» **TASK REQUIREMENTS**
Every line from the one containing "- Отключение услуг Сбербанка Онлайн." through the end of the listing below must be given again exactly, and nothing else; exclude pictures.

» **INFORMATION SHOWN**
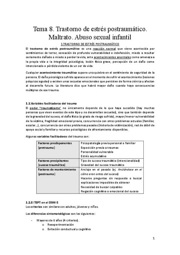 He publicado nuevos apuntes de 1º Psicología General Sanitaria Infanto-Juvenil: T6-TEPT-maltrato-y-ASI.pdf
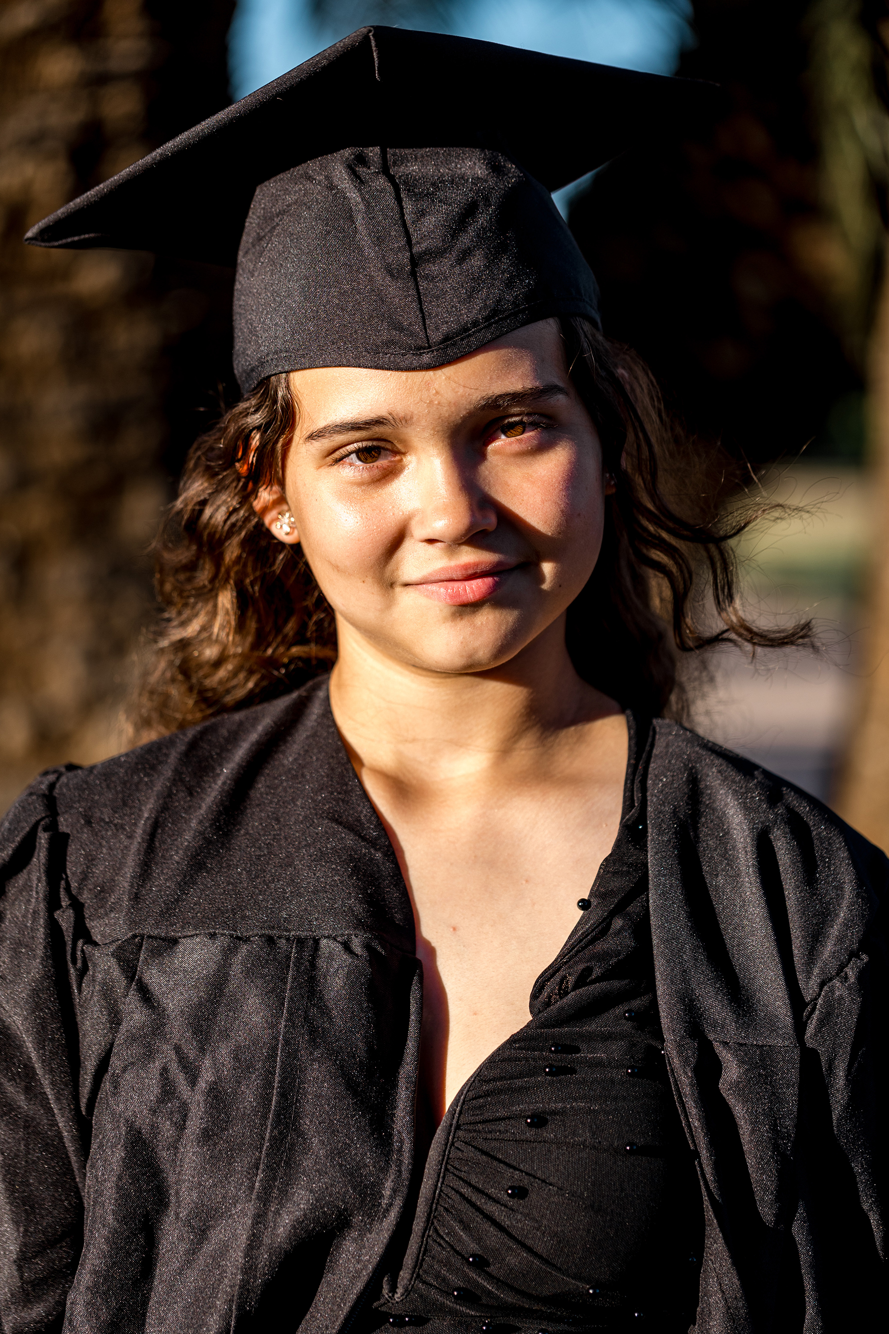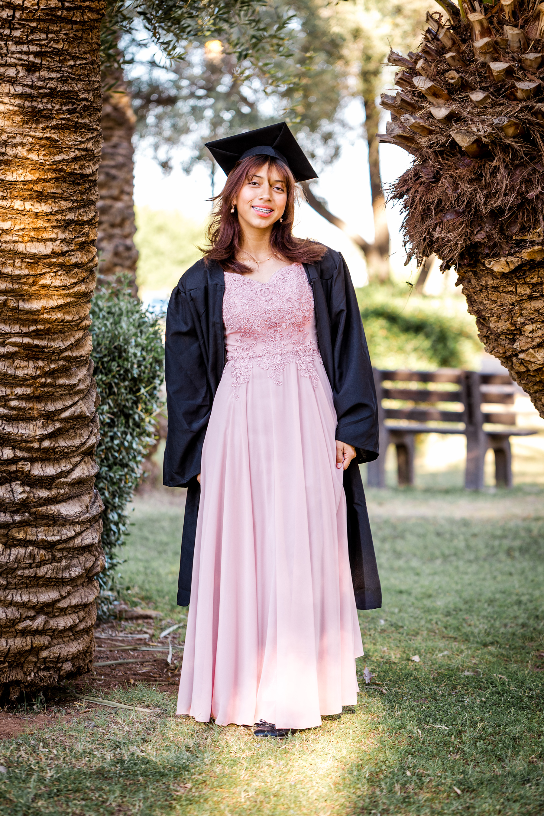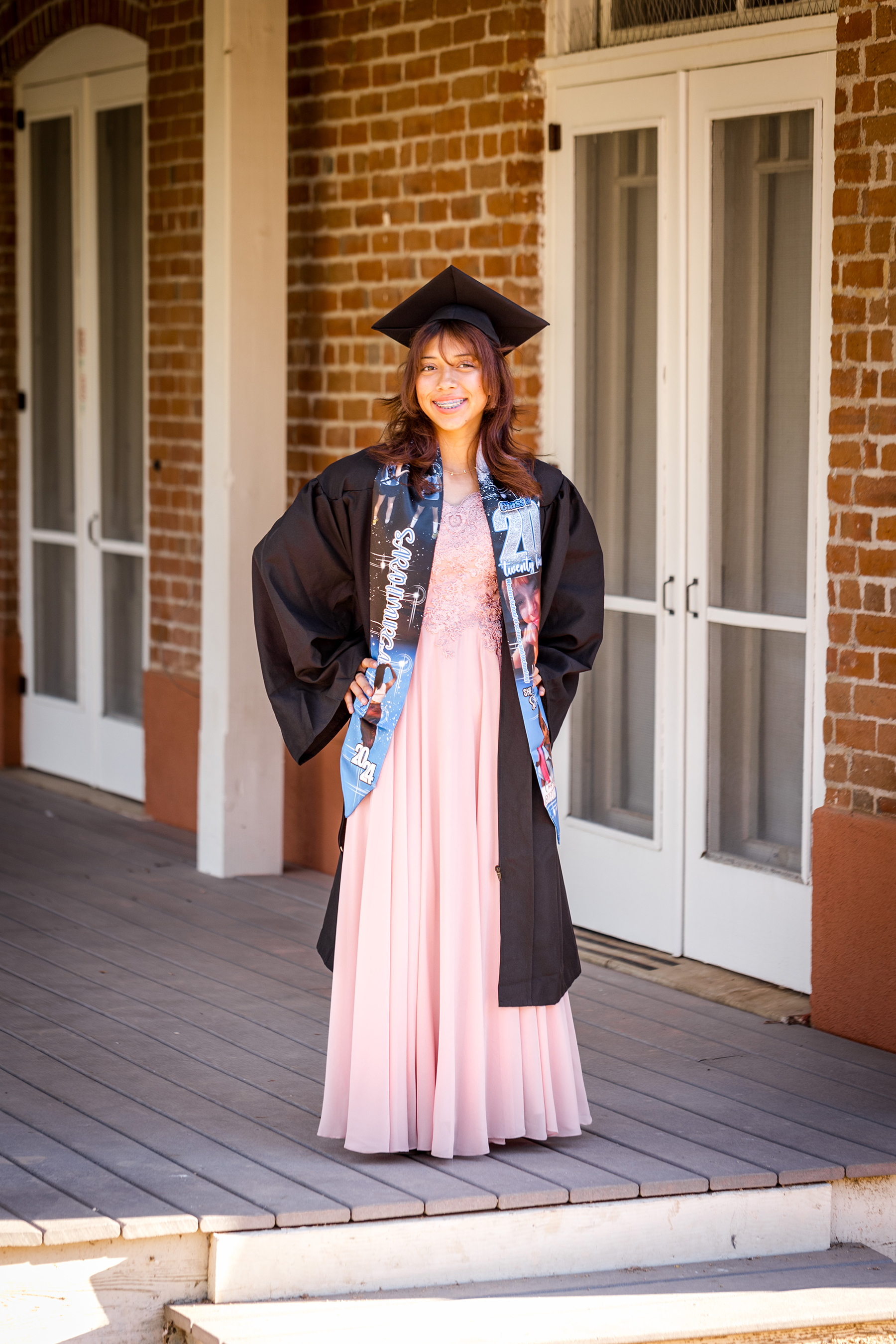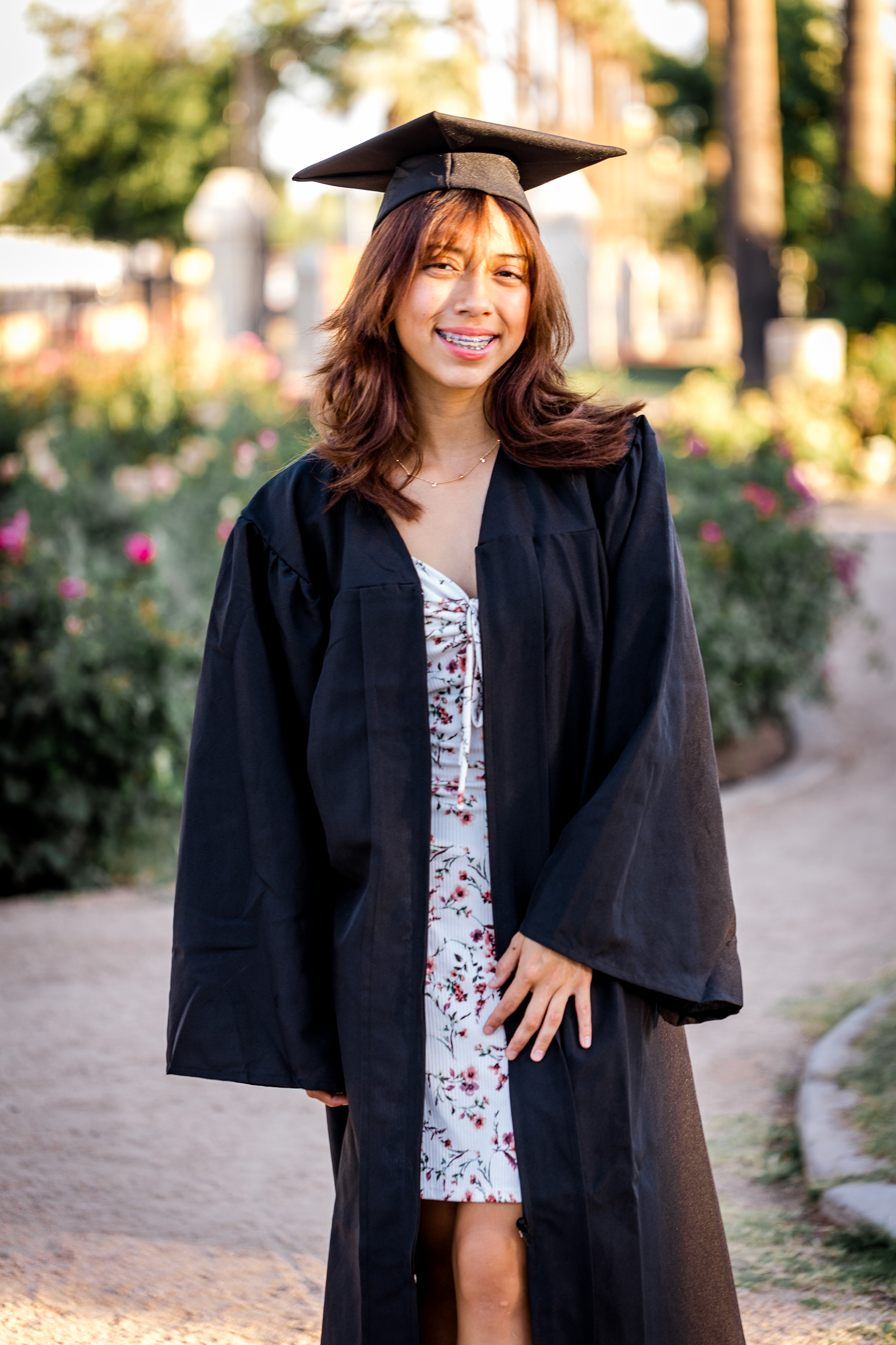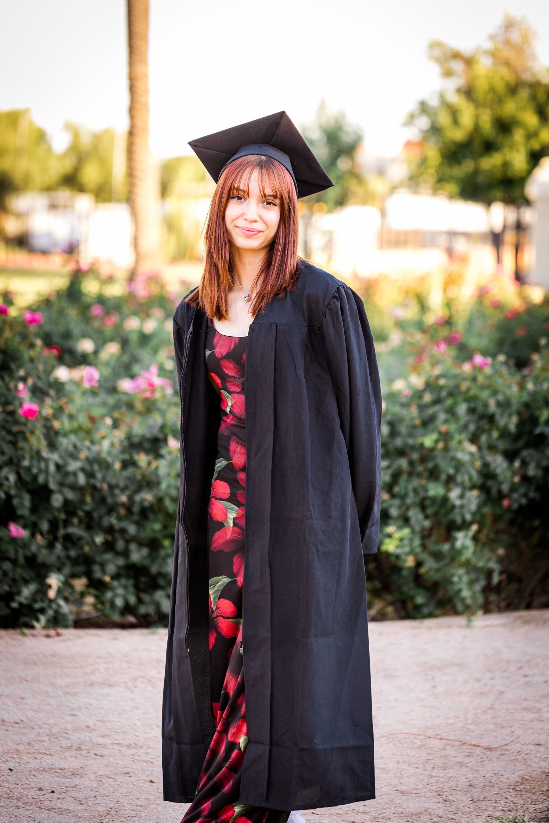 On Saturday, I had the honor of taking graduation photos for my goddaughter, Layla. It’s a little outside my comfort zone, taking on the responsibility of recording such a momentous rite of passage, but I am happy for the opportunity to stretch my wings a little. The place she chose for the shoot is a popular park here in Glendale, Saguaro Ranch Park. It’s a working farm, with a large farmhouse, several picturesque outbuildings, a citrus grove, vineyard, and rose garden. And if you come at the right time of day, you can see chickens, peacocks, and bunnies galore as well.
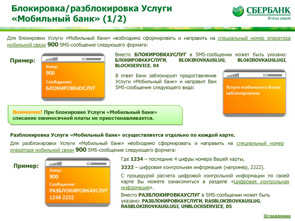- Отключение услуг Сбербанка Онлайн.
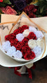 This bouquet of deep red and pure white roses radiates a message of passionate love wrapped in sincerity. The red symbolizes deep affection and desire, while the white balances it with purity and peace — together, they create a timeless harmony of emotion. The smooth satin-like texture of the petals gives it an elegant, almost whispered luxury, hence the name.

» **RESULT**
- Отключение услуг Сбербанка Онлайн.
 This bouquet of deep red and pure white roses radiates a message of passionate love wrapped in sincerity. The red symbolizes deep affection and desire, while the white balances it with purity and peace — together, they create a timeless harmony of emotion. The smooth satin-like texture of the petals gives it an elegant, almost whispered luxury, hence the name.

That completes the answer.